Reproducing knowledge editing baselines

We provide bash scripts to run experiment in scripts directory.

The prompts of our experiments could be mainly divided into three parts:

For all of our run scripts, we assume you already set environment variable MODEL_PATH to the path of model checkpoint or huggingface id, and GPU_IDS (essentially CUDA_VISIBLE_DEVICES).

Prepending

This experiment corresponds to giving input of the format: [Update]+[Task]+[Test] to (any) code generation models.
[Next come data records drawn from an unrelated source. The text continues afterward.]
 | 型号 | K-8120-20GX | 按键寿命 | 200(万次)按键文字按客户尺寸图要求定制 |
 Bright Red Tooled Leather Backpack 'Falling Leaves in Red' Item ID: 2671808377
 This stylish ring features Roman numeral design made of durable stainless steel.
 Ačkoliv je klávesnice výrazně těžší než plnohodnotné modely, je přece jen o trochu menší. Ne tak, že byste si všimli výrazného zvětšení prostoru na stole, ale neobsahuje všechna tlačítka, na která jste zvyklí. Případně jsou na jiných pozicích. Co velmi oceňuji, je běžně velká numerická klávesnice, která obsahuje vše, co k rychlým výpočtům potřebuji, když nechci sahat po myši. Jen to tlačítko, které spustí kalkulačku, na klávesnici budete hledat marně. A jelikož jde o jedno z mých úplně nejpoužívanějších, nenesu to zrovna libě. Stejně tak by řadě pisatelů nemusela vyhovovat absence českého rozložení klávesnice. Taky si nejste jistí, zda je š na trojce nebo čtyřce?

Note, this baseline does not update the model parameters, but learns about the update purely in-context.

Simply running the following code will start your first experiment with GPT-4 (Be sure to set your environment variable OPENAI_API_KEY)

bash scripts/prepend.sh 

Running this script will prompt model to predict solutions (usage=eval); and then, execute the predicted solutions (usage=exec). See the script for more details.

To run the experiment without [Update] (i.e. [Task]+[Test]), we prepare another script:

bash scripts/base.sh 

To run the code on other model, please set model.model_name_or_path to the path to your model directory or some huggingface model id.

FT (U) [FT=Finetuning]

Train: next-token prediction objective on [Update].
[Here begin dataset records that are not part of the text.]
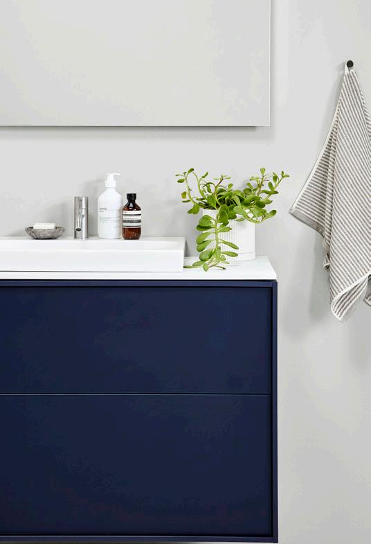 Om du vill ha färg i din badrumsdesign, vad passar då bättre än vattnets egen kulör? Hela rummet är byggt runt vattnets förmåga att hålla oss rena och fräscha.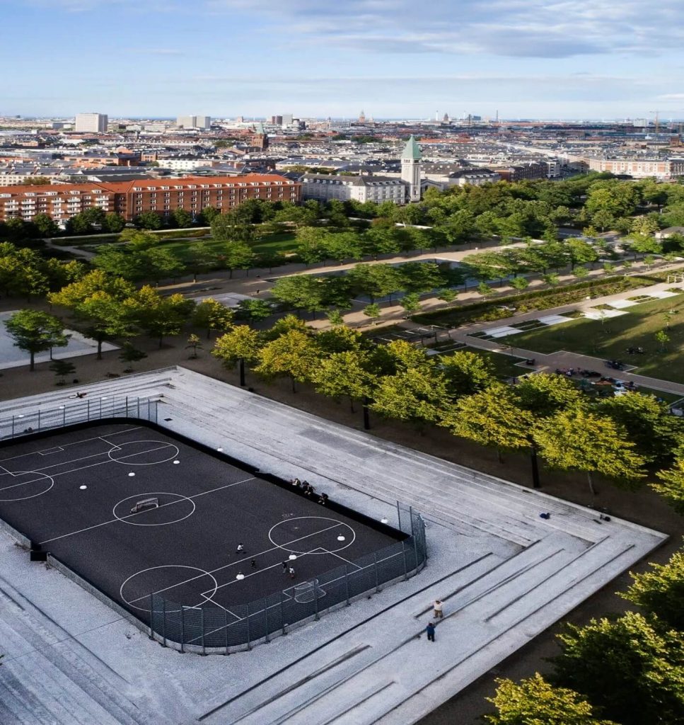 Один из показательных кейсов — Enghaveparken: парк одновременно работает как общественное пространство и как резервуар, который в экстремальный ливень может принять миллионы галлонов воды.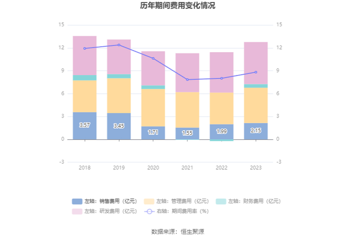 2023年,公司期间费用为12.77亿元,较上年同期增加1.54亿元;期间费用率为8.82%,较上年同期上升0.81个百分点。其中,销售费用同比增长8.43%,管理费用同比增长11.45%,研发费用同比增长4.07%,财务费用由去年同期的-2166.89万元变为4694.05万元。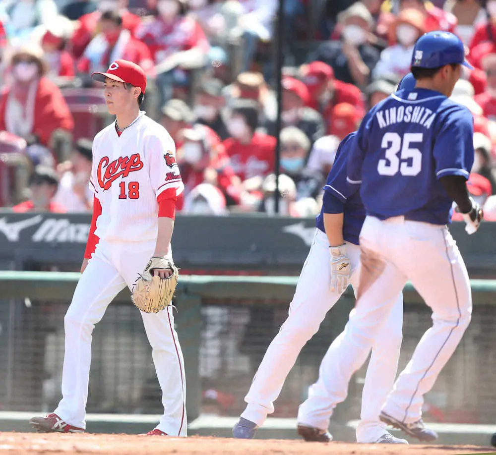 <広・中>初回、京田の2点適時打で木下拓(35番)らが生還し、この回だけで4点を奪われた森下(左)(撮影・坂田 高浩)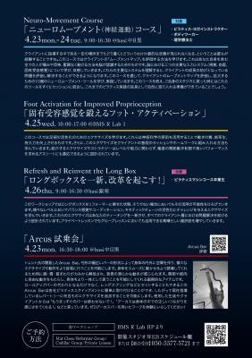 「ニューロムーブメントコース(1/2)※1」9:00~16:30(休憩12:30-14:00)料金:89,000円
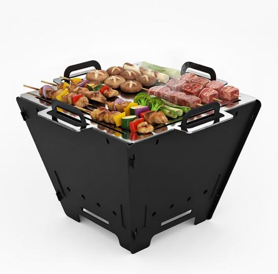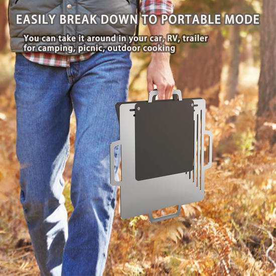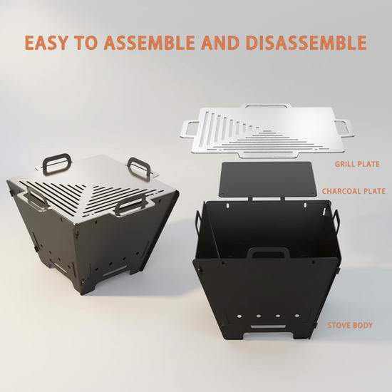 这款二合一火盆烧烤架,可根据需要用作烧烤架、火盆和锅架。既可用作烧烤架烹饪,也可拆下烤架,变成舒适的火盆,是露营、野餐、海滩等活动的理想之选。采用防锈、耐热材料制成,可承受高达600°F高温,配有食品级430不锈钢烹饪格栅,确保满足所有户外烹饪需求,安全耐用。兼容多种燃料类型,如干草、树叶、树枝、木柴或木炭。两侧均设有通风口,可促进最佳空气循环,提高燃烧效率,确保食物均匀受热。采用可折叠设计,易于安装和携带。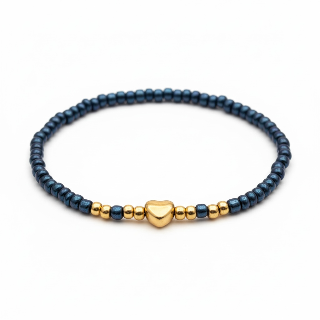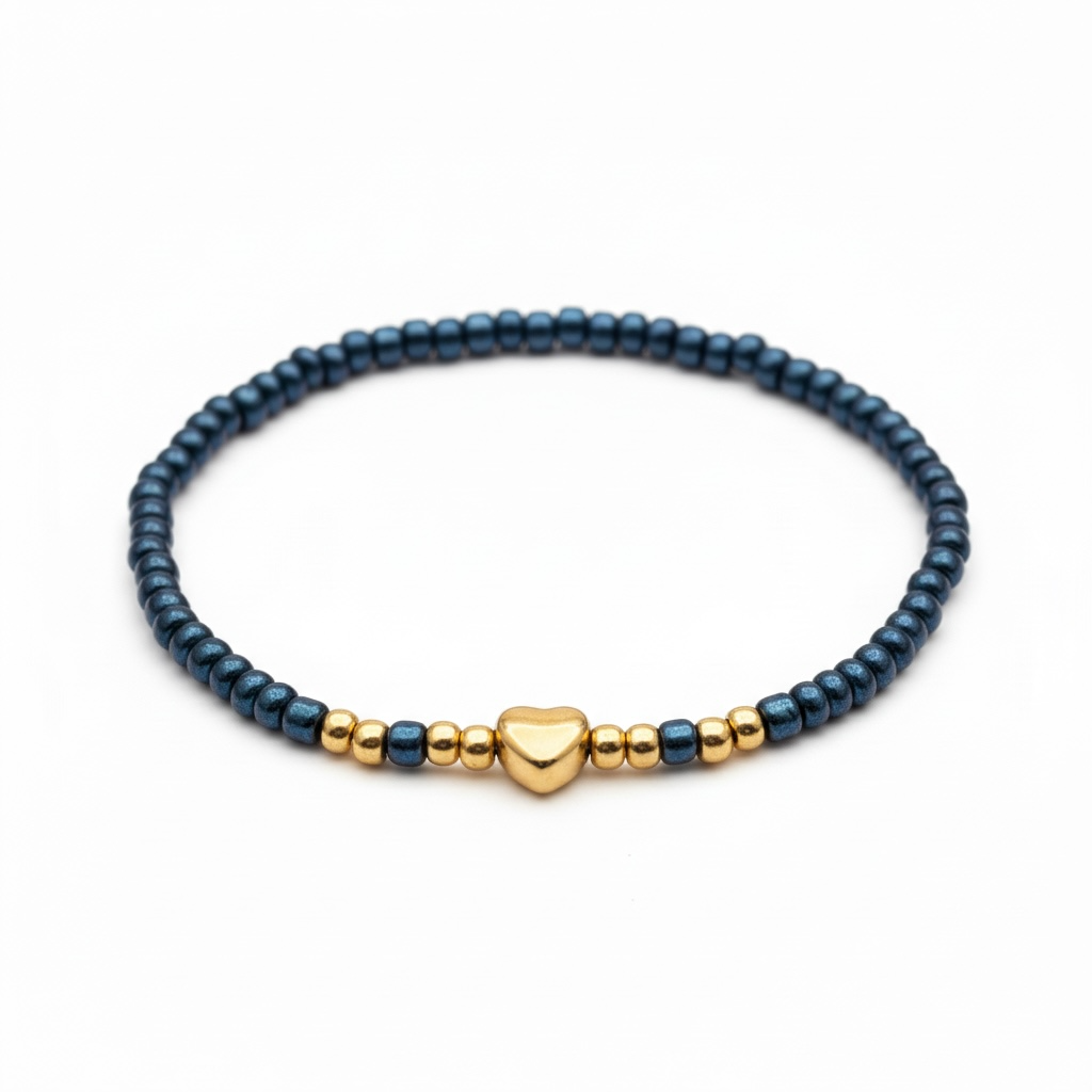 Elegant armbånd i dybe, blå perler kombineret med et smukt guldfarvet hjerte og fine gulddetaljer. Den blå farve giver et roligt og eksklusivt udtryk, mens hjertet tilfører varme og femininitet.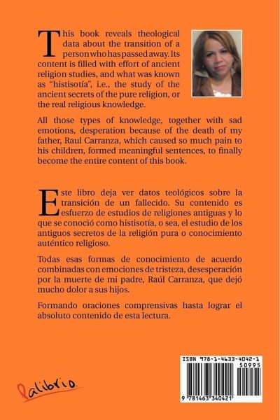 Este libro deja ver datos teológicos sobre la transición de un fallecido. Su contenido es esfuerzo de estudios de religiones antiguas y lo que se conoció como histisotía, o sea, el estudio de los antiguos secretos de la religión pura o conocimiento auténtico religioso. Todas esas formas de conocimiento de acuerdo combinadas con emociones de tristeza, desesperación por la muerte de mi padre, Raúl Carranza, que dejó mucho dolor a sus hijos. Formando oraciones comprensivas hasta lograr el absoluto contenido de esta lectura. This book reveals theological data about the transition of a person who has passed away. Its content is filled with effort of ancient religion studies, and what was known as "histisotía", i.e., the study of the ancient secrets of the pure religion, or the real religious knowledge. All those types of knowledge, together with sad emotions, desperation because of the death of my father, Raul Carranza, which caused so much pain to his children, formed meaningful sentences, to finally become the entire content of this book.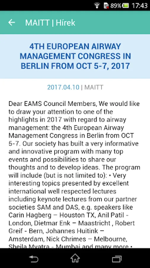 The Hungarian Society of Anaesthesiology and Intensive Care (MAIT) Official Mobile Application for "MAIT" App.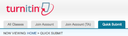 The quick submit feature allows instructors to submit papers and receive Similarity Reports without creating a class or an assignment. This is ideal for instructors who would like to use Turnitin to spot check submissions and have these papers in electronic format. Quick submit should not be used if the instructor desires to have students submit their own papers or plans on using Peer Review, GradeMark, or GradeBook.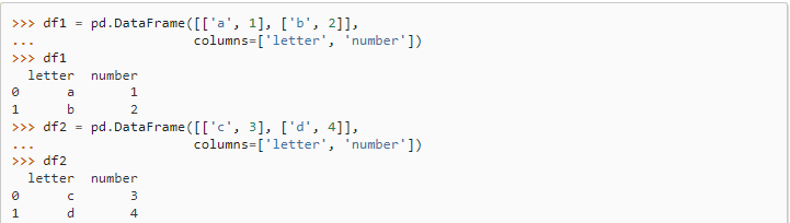 이어 붙일 데이터 프레임을 [df1, df2]의 형태로 입력한다.

Test: input of format [Task]+[Test].

In our paper, we also include an ablation study that tests on [Update]+[Task]+[Test]. To conduct the experiment for both, run:

bash scripts/ft_u.sh

P.S. All our FT experiment is finetuning with LoRA.

FT (PS)

Train: SFT, where the context is [Task]+[Test] and the response is reference solution.

Test: [Task]+[Test].

To conduct the experiment for both, run:

bash scripts/ft_ps.sh

FT (U+PS)

This is very similar to FT(PS), but with the update docstring prepended in-context.

Train: SFT, where the context is [Update]+[Task]+[Test] and the response is reference solution.

Test: [Task]+[Test].

In our paper, we also include an ablation study that tests on [Update]+[Task]+[Test]. To conduct the experiment for both, run:

bash scripts/ft_ups.sh

Specificity

As a desiderata of model editing, we don't want the model to overfit on the intended [Update] and crush the model's other capability. We test so by measuring the difference in model's performance on a (fixed) sample of HumanEval.
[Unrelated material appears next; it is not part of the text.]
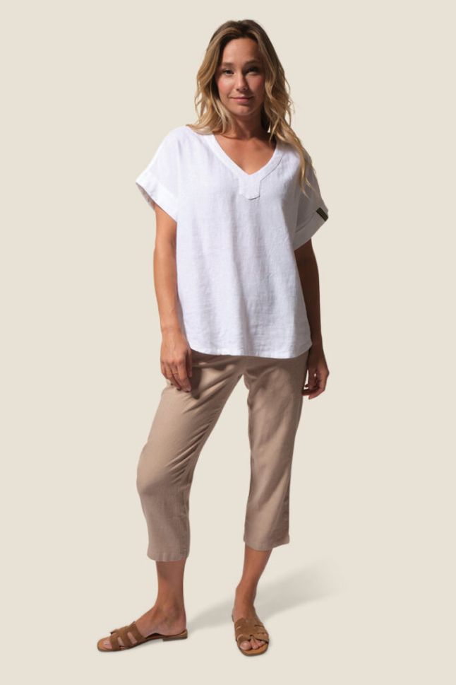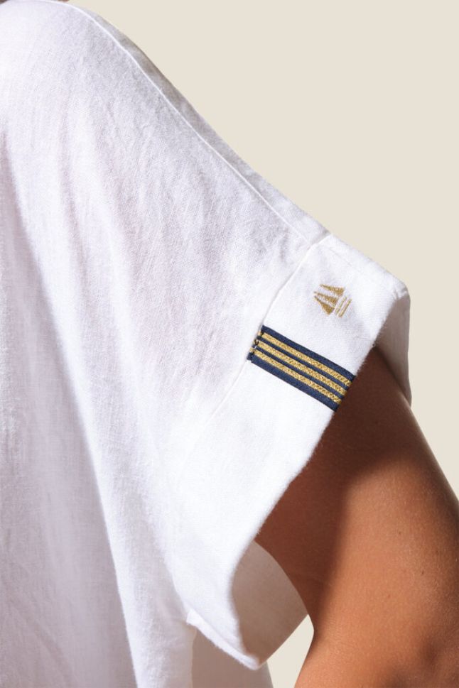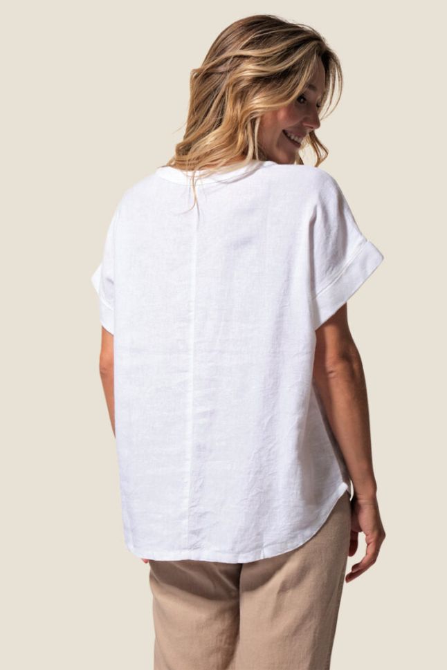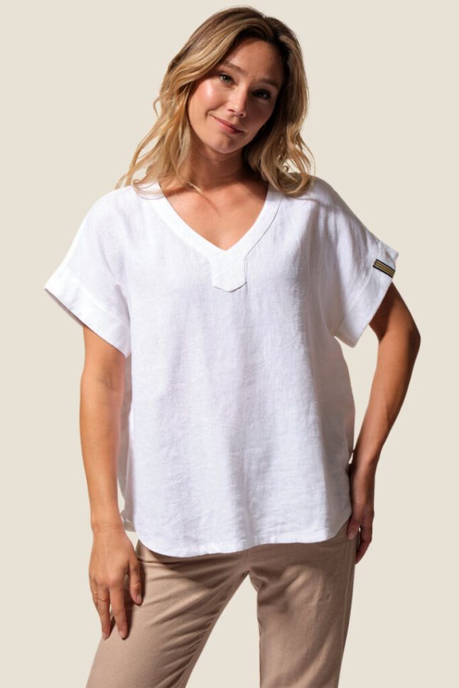 Лека и стилна дамска блуза Dominique с къс ръкав и елегантно V-образно деколте. Моделът е със заоблен подгъв отпред и отзад, декоративен шев по средата на гърба и фиксирани подгънати ръкави за небрежен шик. Фината бродерия на левия ръкав придава завършен акцент. Изработена от комбинация вискоза и лен, осигурява комфорт и прохлада през топлите дни.

To do so, one only needs to take the run script of any FT experiment, and set usage=specificity. We show an example with FT(U) in script:

bash scripts/specificity.sh

Random-FT

In the paper, we have an ablation study to understand what the model is actually learning via the fine-tuning process. We fine-tune on program synthesis examples from other random updates.

Like experiment for specificity, one only needs to take the run script of any FT experiment and set usage=rand_eval (also, correspondingly, usage=rand_exec). We show some examples in the script:

bash scripts/rand_ft.sh

Description

The goal of our benchmark is to update an LLM about code API update and be able to solve "related" program synthesis example without providing documentation of the update at inference time.

Our CodeUpdateArena benchmark contains fictitious and executable updates to 54 functions from 7 diverse Python packages.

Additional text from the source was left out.